Toda escritura, en cierto modo, es un tipo de diario. Uno se sienta y escribe, y al día siguiente se sienta y vuelve a escribir. Hablo, claro, de escribir, es decir, de un tipo de texto en el que uno está de un modo verdadero, como un interrogante abierto, y se juega algo. Este tipo de escritura puede disfrazarse de todos los géneros posibles. Una novela o un tratado de lógica pueden ser realmente un diario. Escribir es lo más difícil y es lo más fácil. Recuerdo cuando Bernard Pivot entrevistó a Marguerite Duras, y ella dijo que Jean-Paul Sartre no escribía. Podía ser ella injusta en ese juicio, pero un lector de Duras, un lector, en general, sabe a qué se estaba refiriendo Duras cuando dijo que Sartre, con todo lo que escribía, no escribía. Uno de los libros que prefiero de Duras, El dolor, es un diario que encontró décadas después de haberlo escrito. Aunque, de alguna manera, se puede decir que toda su escritura, e incluso sus películas, son un modo de diario.
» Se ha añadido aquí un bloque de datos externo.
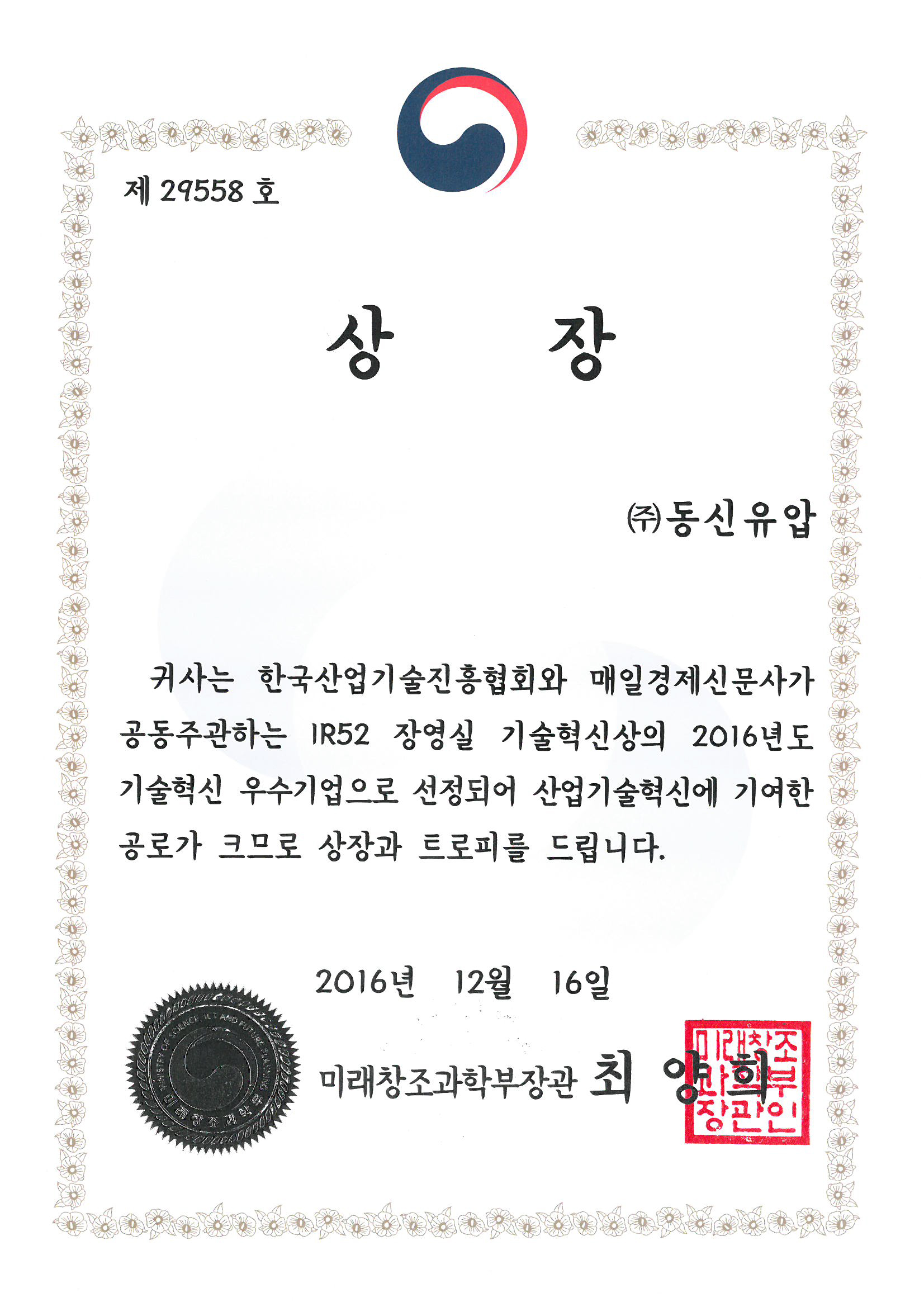 IR52 Jang Young-Sil Award for Technological Innovation
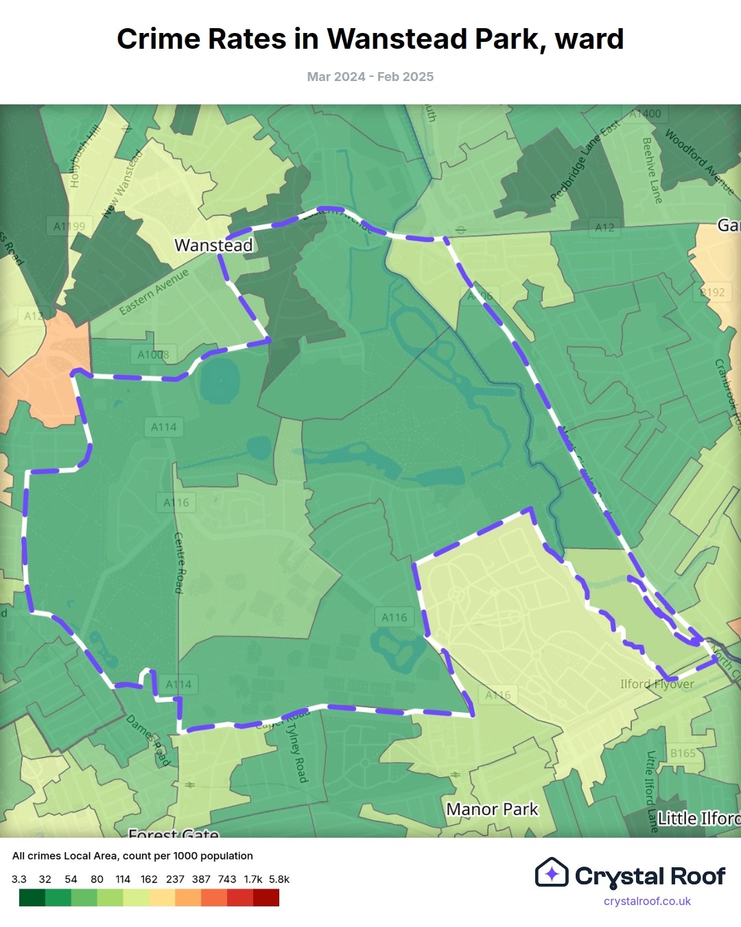 Wanstead Park, (ward) includes areas with the following crime ratings (see map):
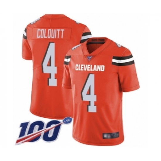 >Men's Cleveland Browns #4 Britton Colquitt Orange Alternate Vapor Untouchable Limited Player 100th Season Football Jersey
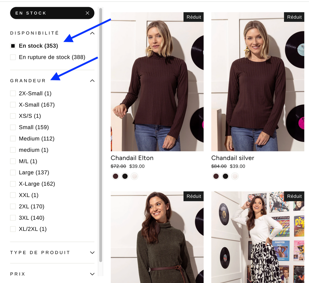 Pour trouver rapidement ce que vous cherchez, utilisez les filtres Ă  gauche pour choisir votre grandeur et voir seulement les produits disponibles.
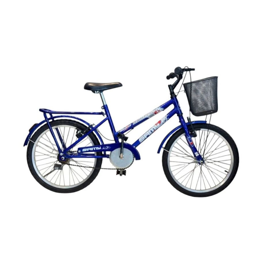 A Bicicleta Samy Aro 20 Lady Azul é um modelo infantil feminino, ideal para crianças a partir de 7 anos, com foco em conforto e segurança para passeios. Possui quadro em aço carbono, freios V-Brake, cestinha e paralamas, sendo uma opção popular com design retrô.
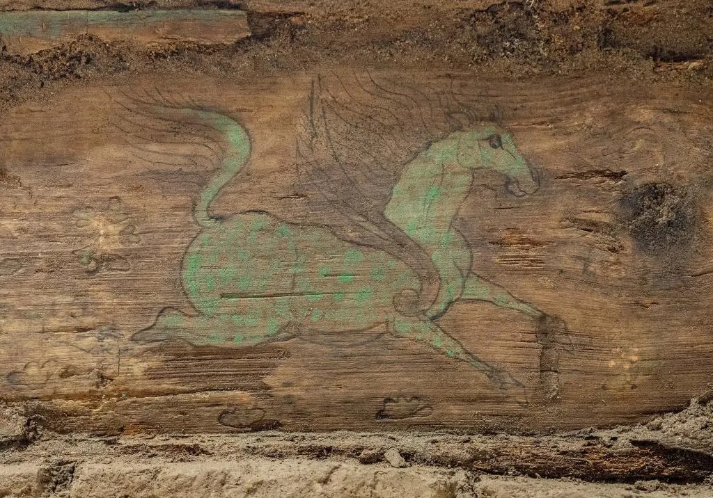 这是在实验室考古方舱内拍摄的墓葬M20出土的木棺座壸门内的彩绘“翼马”图案(2月1日摄)。
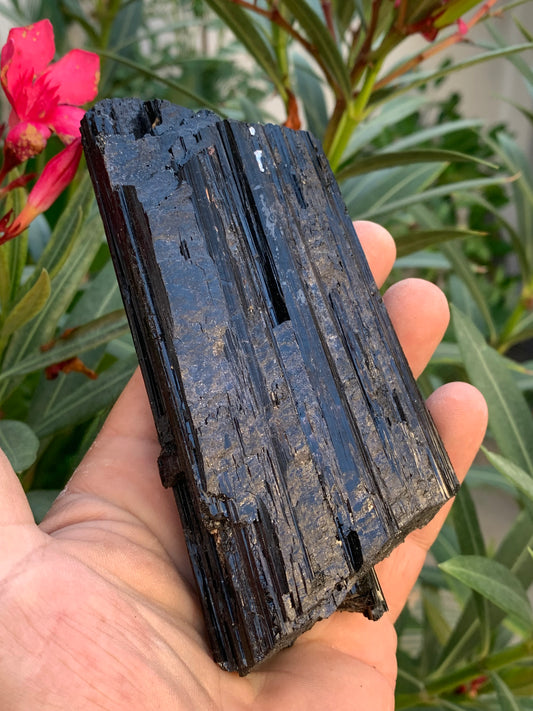 Tourmaline noire, spécimen naturel de 137 x 64 x 40 mm - 568 grammes. Une très belle pièce de belle taille !

Cada lector sabe por dónde empieza a leer, o, en algunos casos, a escribir. No me consideraría un lector de diarios, porque el diario como género me interesa tan poco como cualquier otro género, pero sí de autores que han tratado de reproducir lo que les rodeaba en escritura, autores del yo. La lectura que me hizo descubrir la literatura fue un libro de Josep Pla que andaba en la casa de mis padres, entre los volúmenes de una colección de quiosco. Era un diario de viaje, Un viaje frustrado. Seguí con Azorín y Gabriel Miró, los “estampistas” levantinos, textos en los que no había acción, y con Umbral, a quien leía a diario en el periódico y en sus libros como un diario mío paralelo del hombre público que, en mi etapa de estudiante, aspiraba a ser. De Cela me gustaba su Viaje a la Alcarria, que es otro diario de viaje. Hasta entonces mi mundo literario era, en cierto modo, una prolongación del manual de literatura que había estudiado en el bachillerato, aunque fuese en su vertiente más diarística. Luego me adentré en otras literaturas, pero, si lo pienso, siempre fue por la puerta de una escritura de corte personal o autobiográfica, como si tuviese que vencer cierta clase de pereza antes de hacerme con los libros de ficción de los autores que leía. Así, llegué a Julio Ramón Ribeyro, uno de mis autores preferidos, por sus diarios, La tentación del fracaso; a John Cheever, por Diarios; a Cesare Pavese, por El oficio de vivir; a Fernando Pessoa, por el Libro del desasosiego. Todo esto son clásicos del género que cualquier lector iniciado conocerá.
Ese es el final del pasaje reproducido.